AUSTRALIA // FILM

Australian Centre for the Moving Image (ACMI) in association with Melbourne Festival presents

Eyes Without A Face

SURVEILLANCE IN CINEMA

Curated by Australian Centre for the Moving Image

The act of surveillance has long been an instrument of monitoring and controlling citizens by omnipotent governments.

With the advent of new technologies the ways and means to watch have become, so to speak, ‘democratised’. So what happens when surveillance falls into the hands of ordinary people? This group of films examines how the act of watching and listening warps the way we conduct ourselves behind closed doors.

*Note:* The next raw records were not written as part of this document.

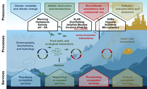 Seafood resources, iconic and culturally valuable marine habitats, and the functioning and regulation of global cycles are currently under threat from a multitude of human-made and natural stressors. Robust, science‐based advice is urgently needed to implement actions to halt biodiversity loss and restore natural habitats and ecosystem services.
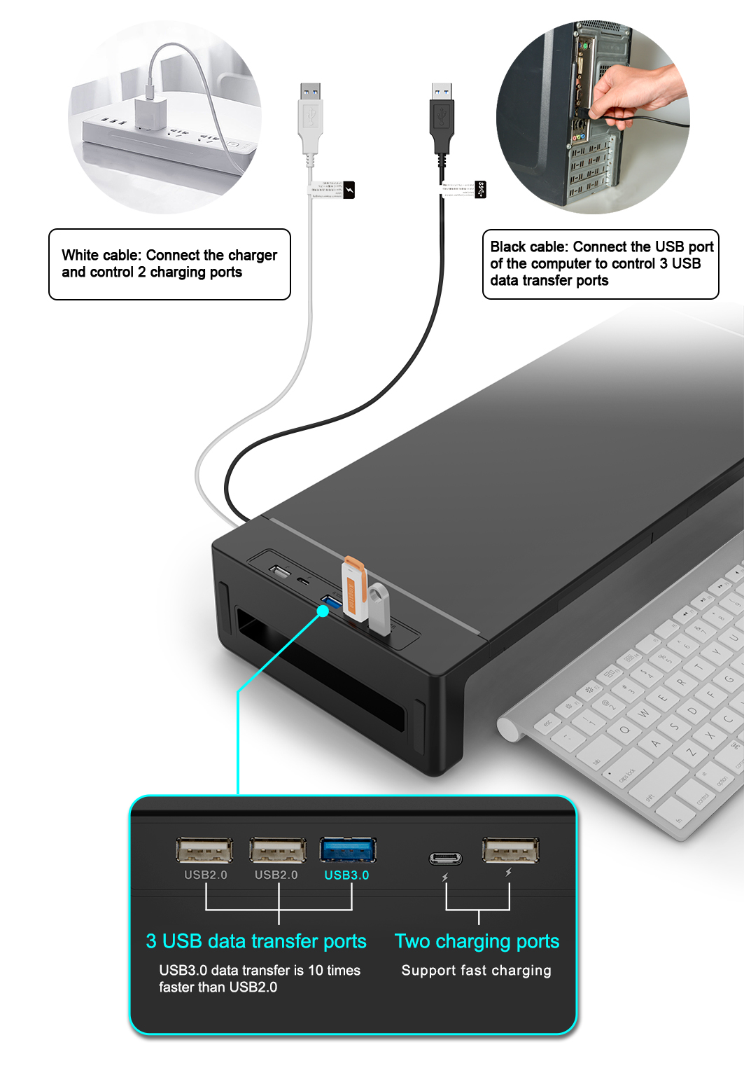 - USB Hubs with USB-A (5Gbps) x 1 + USB 2.0 x 2
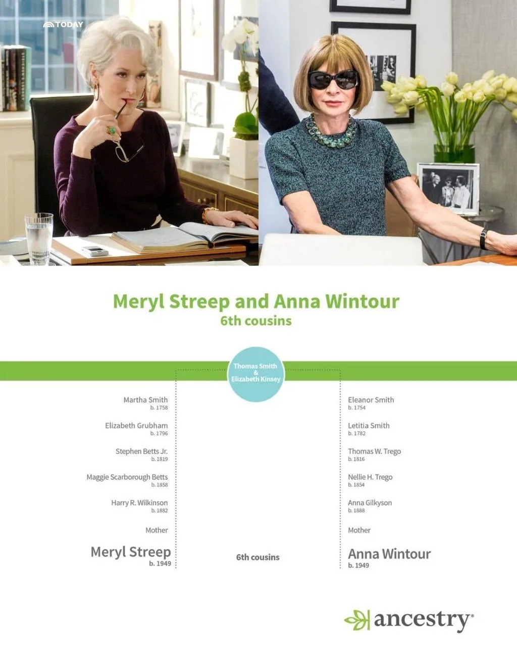 Сервис Ancestry установил, что Мэрил Стрип и Анна Винтур являются шестироюродными сестрами. У них общие предки в лице дедушки и бабушки — Томаса Смита и Элизабет Кинси. Теперь понятно, почему актрисе удалось настолько хорошо сыграть роль Анны в фильме «Дьявол носит Prada».
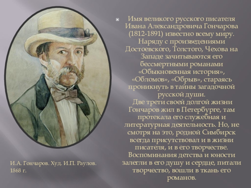 И.А. Гончаров. Худ. И.П. Раулов. 1868 г.

NINETEEN EIGHTY-FOUR (USA)

THU 08 OCTOBER at 6.30PM
FRI 23 OCTOBER at 6.45PM

George Orwell’s all too believable dystopian future is fully realised in Michael Radford’s gritty and faithful adaptation.

BLOW OUT (USA)

FRI 09 & SAT 17 OCTOBER at 7PM
SUN 25 OCTOBER at 7.30PM

Brian de Palma uses the basic structure of Michelangelo Antonioni’s classic Blow-Up (1966) to explore the deep cynicism and paranoia Americans felt post-Watergate and the Kennedy assassination.

RED ROAD (UK)

SAT 10 OCTOBER at 6.30PM
SUN 25 OCTOBER at 5PM

Bathed in deep, luscious reds, Andrea Arnold’s Red Road takes her female protagonist down a dangerous path of obsession and sexual desire.

REAR WINDOW (USA)

SUN 11 OCTOBER at 4PM
FRI 16 OCTOBER at 2.45PM

James Stewart starts in Hitchcock's masterful and suspenseful thriller about the voyeur in us all.

HIDDEN (FRANCE)

THU 15 OCTOBER at 7PM
FRI 23 OCTOBER at 4PM

A well-to-do Parisian couple, played by Juliette Bonche and Daniel Auteuil, are terrorised by the mysterious appearance of a series of surveillance video tapes.

WE LIVE IN PUBLIC (USA)

FRI 16 OCTOBER at 5.30PM
THU 22 OCTOBER at 7PM

Filmed over 15 years, this riveting documentary traces the rise and fall of 'the greatest internet pioneer you've never heard of,' Josh Harris.

CITIZENFOUR (USA)

FRI 16 OCTOBER at 7.30PM
THU 22 OCTOBER at 9PM

An explosive and timely documentary that examines the ever increasing erosion of privacy and the government’s growing and alarming powers to monitor and record our every move.